右の者に対する傷害致死被告事件について、昭和三五年一二月二二日大阪高等裁判所の言い渡した判決に対し、被告人から上告の申立があつたので、当裁判所は次のとおり判決する。

主文

本件上告を棄却する。

理由

弁護人小林康寛の上告趣意第一、第三および第五について。

(中略)

同第二、第四および第六について。

所論中憲法違反の主張につき考えるに、憲法二〇条一項は信教の自由を何人に対してもこれを保障することを、同二項は何人も宗教上の行為、祝典、儀式または行事に参加することを強制されないことを規定しており、信教の自由が基本的人権の一として極めて重要なものであることはいうまでもない。しかし、およそ基本的人権は、国民はこれを濫用してはならないのであつて、常に公共の福祉のためこれを利用する責任を負うべきことは憲法一二条の定めるところであり、また同一三条は、基本的人権は、公共の福祉に反しない限り立法その他の国政の上で、最大の尊重を必要とする旨定めており、これら憲法の規定は、決して所論のような教訓的規定というべきものではなく、従つて、信教の自由の保障も絶対無制限のものではない。

これを本件についてみるに、第一審判決およびこれを是認した原判決の認定したところによれば、被告人の本件行為は、被害者泉世志子の精神異常平癒を祈願するため、線香護摩による加持祈祷の行としてなされたものであるが、被告人の右加持祈祷行為の動機、手段、方法およびそれによつて右被害者の生命を奪うに至つた暴行の程度等は、医療上一般に承認された精神異常者に対する治療行為とは到底認め得ないというのである。しからば、被告人の本件行為は、所論のように一種の宗教行為としてなされたものであつたとしても、それが前記各判決の認定したような他人の生命、身体等に危害を及ぼす違法な有形力の行使に当るものであり、これにより被害者を死に致したものである以上、被告人の右行為が著しく反社会的なものであることは否定し得ないところであつて、憲法二〇条一項の信教の自由の保障の限界を逸脱したものというほかはなく、これを刑法二〇五条に該当するものとして処罰したことは、何ら憲法の右条項に反するものではない。これと同趣旨に出た原判決の判断は正当であつて、所論違憲の主張は採るを得ない。

その余の論旨は、単なる法令違反、事実誤認の主張を出でないものであつて、刑訴四〇五条の上告理由に当らない。(なお、被告人の本件行為が、刑法三五条の正当な業務行為と認め難いとした原判決の判示は、その確定した事実関係の下においては、当裁判所もこれを正当と認める。
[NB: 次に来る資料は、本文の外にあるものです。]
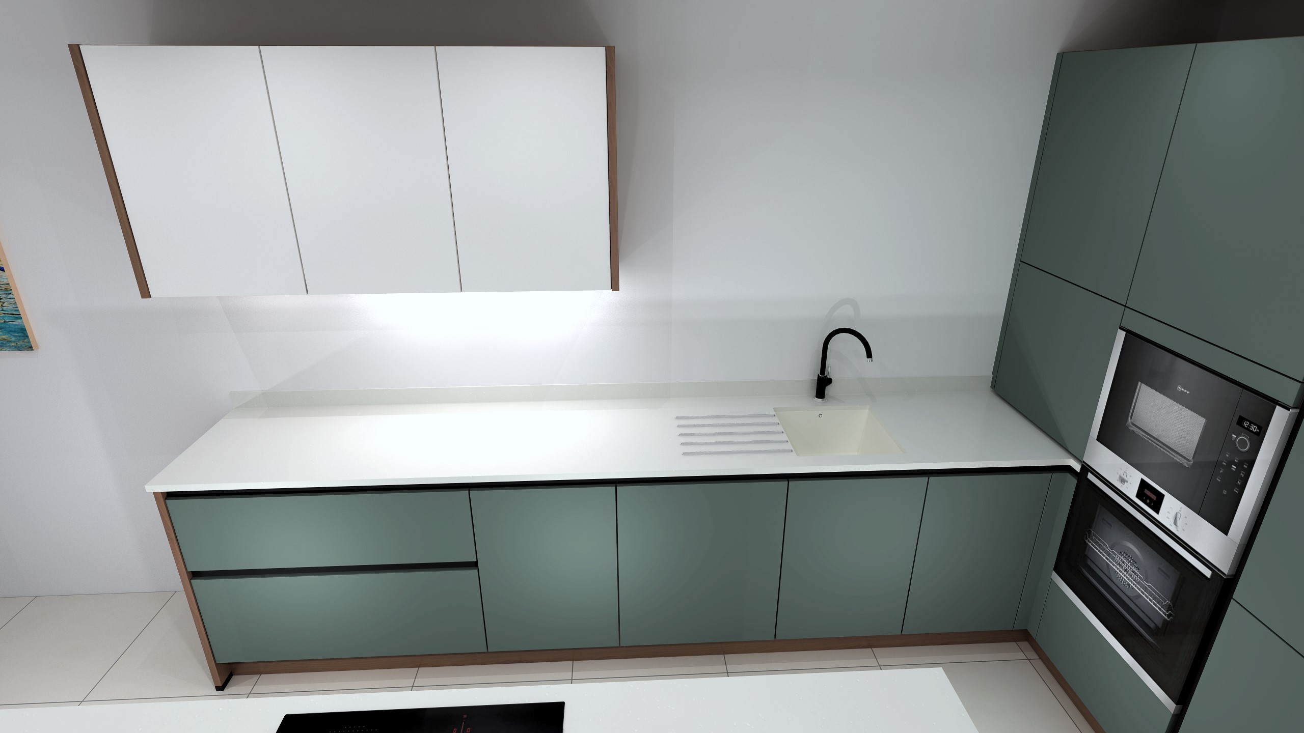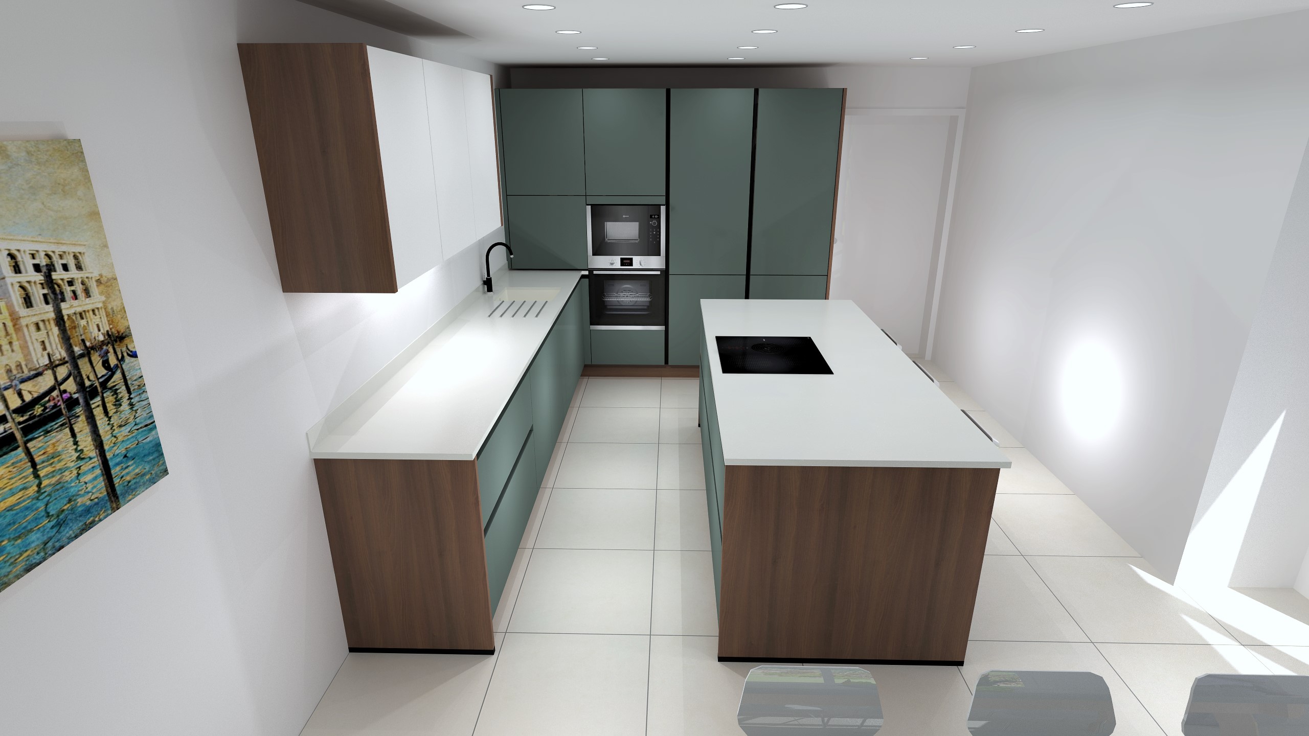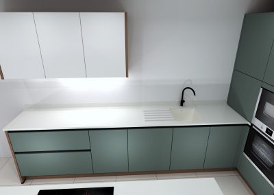 Nolte Manhattan black green, white & walnut – Cabinets, laminate worktop, project management & installation £16,000 – £17,000.

)

記録を調べても、刑訴四一一条を適用すべきものとは認められない。

よつて、同四〇八条により、裁判官全員一致の意見で、主文のとおり判決する。

昭和三八年五月一五日

最高裁判所大法廷

裁判長裁判官 横 田 喜三郎

裁判官 河 村 又 介

裁判官 入 江 俊 郎

裁判官 池 田   克

裁判官 垂 水 克 己

裁判官 河 村 大 助

裁判官 下飯坂 潤 夫

裁判官 奥 野 健 一

裁判官 石 坂 修 一

裁判官 山 田 作之助

裁判官 五鬼上 堅 磐

裁判官 横 田 正 俊

裁判官 斎 藤 朔 郎

裁判官 草 鹿 浅之介

弁護人小林康寛の上告趣意

第一、(省略)

第二、原判決は審理不尽経験則違反に依る重大なる事実の誤認であり且つ憲法第二〇条第一項に違反するものである。
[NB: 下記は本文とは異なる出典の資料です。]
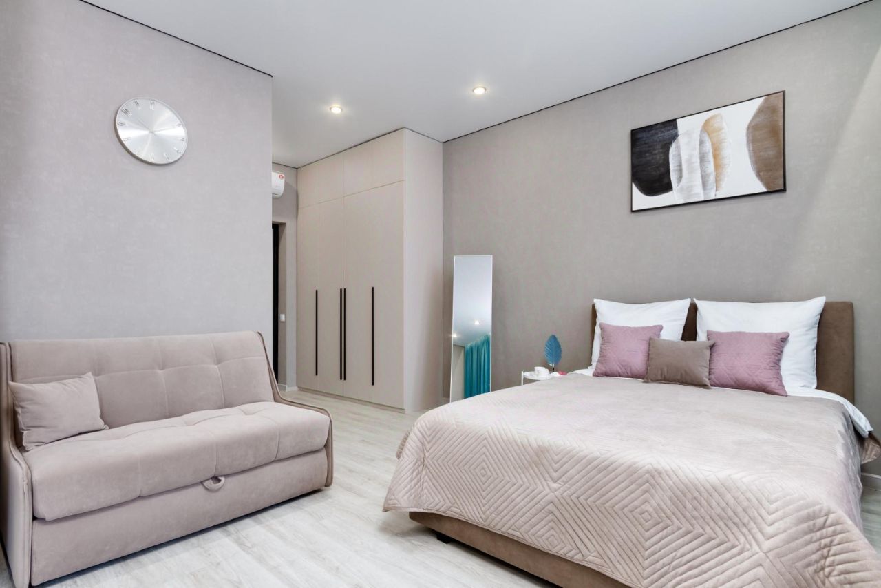 Апартаменты расположены на 15 этаже в новом доме (2025год постройки). Выполнены в современном стиле, очень удобны и функциональны. Высокие потолки, тёплые и уютные цветовые решения в дизайне, разные сценарии освещения создают уют и спокойствие.

弁護人は控訴趣意書の第一、予断偏見に基く誤認、第二、審理不尽経験則違反に依る事実の誤認、第三、採証法則の違反と証拠の取捨並に証拠価値判断の誤りに依る誤認と題し詳細に亘つて第一審判決に対し弁護人の見解を述べたのである、然るに原審は

『しかし原判決挙示に依れば原判示事実は優にこれを認めることができる、即ち(中略)

所論はいづれも独自の見解に立つて原審のなした適正な証拠の取捨選択と其の価値判断とを批難するもので採用することができない』云々と判示して居る。

弁護人は第一審判決並に原裁判所が重大なる事実の誤認に依り判決を為したるかに付煩をいとわず其の見解を述べることとする。
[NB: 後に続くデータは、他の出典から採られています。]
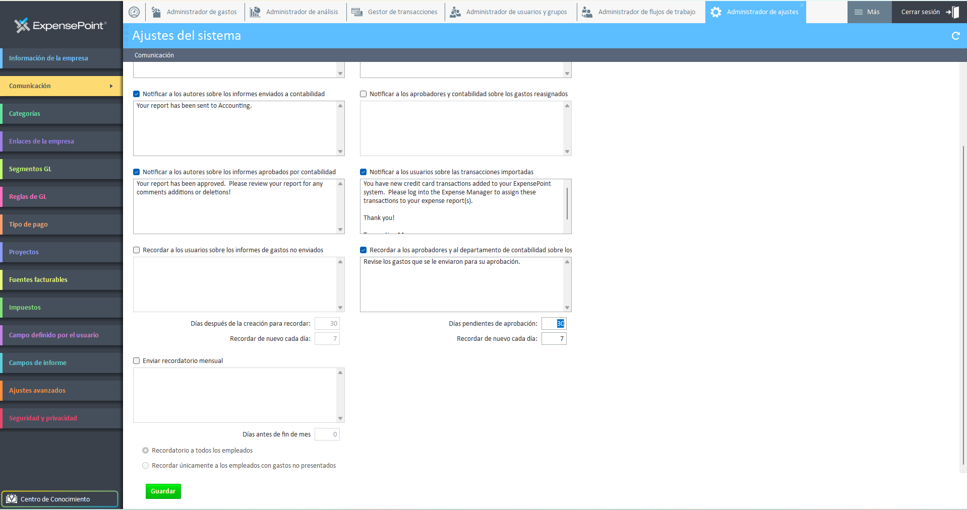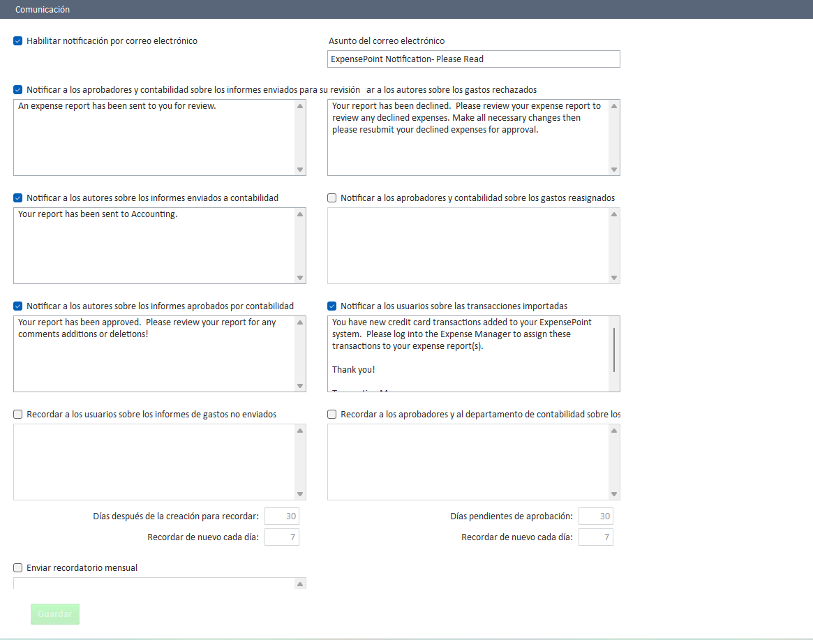 - Notificar a los autores sobre informes enviados a contabilidad – recomendamos no activar esto a menos que los empleados no estén satisfechos con la duración de las aprobaciones.

第一審裁判所は犯罪理由の二、に罪となるべき事実の題下に……

(一) 『被告人は昭和三十二年十月始め本件被害者である世志子……右世志子は急に異常な言動を示す様になつたので……これが平癒の為めに加持祈祷をして貰いたい旨依頼され……経文を唱え珠数で体をなでる等して祈祷をなしたが一向に治癒しそうにないのを見るや同女には大きな狸がついて居て容易なことでは落せないのでこの上は所謂線香護摩を焚いて加持祈祷し狸を追い出すより外に方法はない』云々と判示して居るが、

(1) 昭和三十二年十月とあるのは、昭和三十三年の十月であつて経文を唱え珠数で体をなでる等して祈祷をしたと示されて居る。

(2) 『世志子は急に異常な言動を示す様になつた』との表現は文字としては余りに簡略に過ぎる。世志子が精神病者としての狂態を演じ其の容相は古来世上に喧伝されて居る狸つきと称せらるるものであつたことは中本スミ子(世志子の叔母)が昭和三三年十月二四日池田警察署に於て司法警察官森良明に対する供述には、

『三、泉熊次方の姪の恵美子から世志子の病気と言うことを聞きまして、早速く田尻と一緒に兄熊次の家に来まして、世志子の病気の状態を見ましてから、恵美子から精神病の様な容態であると聞きましたので、私はこの話しを聞いて医者にかかるよりは私の信仰して居ります先生の方が早くなおして呉れると思つたので、その足で先生方に行き西田覚蓮先生に会いまして御願いしましたものであります、と申しますのは今から三、四ケ月前に、私方近くの西区本田町の小林さんと言う人が狸がついていたのを先生方に、私が連れて行つて祈祷して貰いまして一遍に落して貰いましたことがありました。この狸というのは、小林さんの奥さんで女であり乍ら一日一升以上の酒を飲みまして目が変でしたのが祈祷して貰うと翌日から家の用事するし酒も飲まん様になりました。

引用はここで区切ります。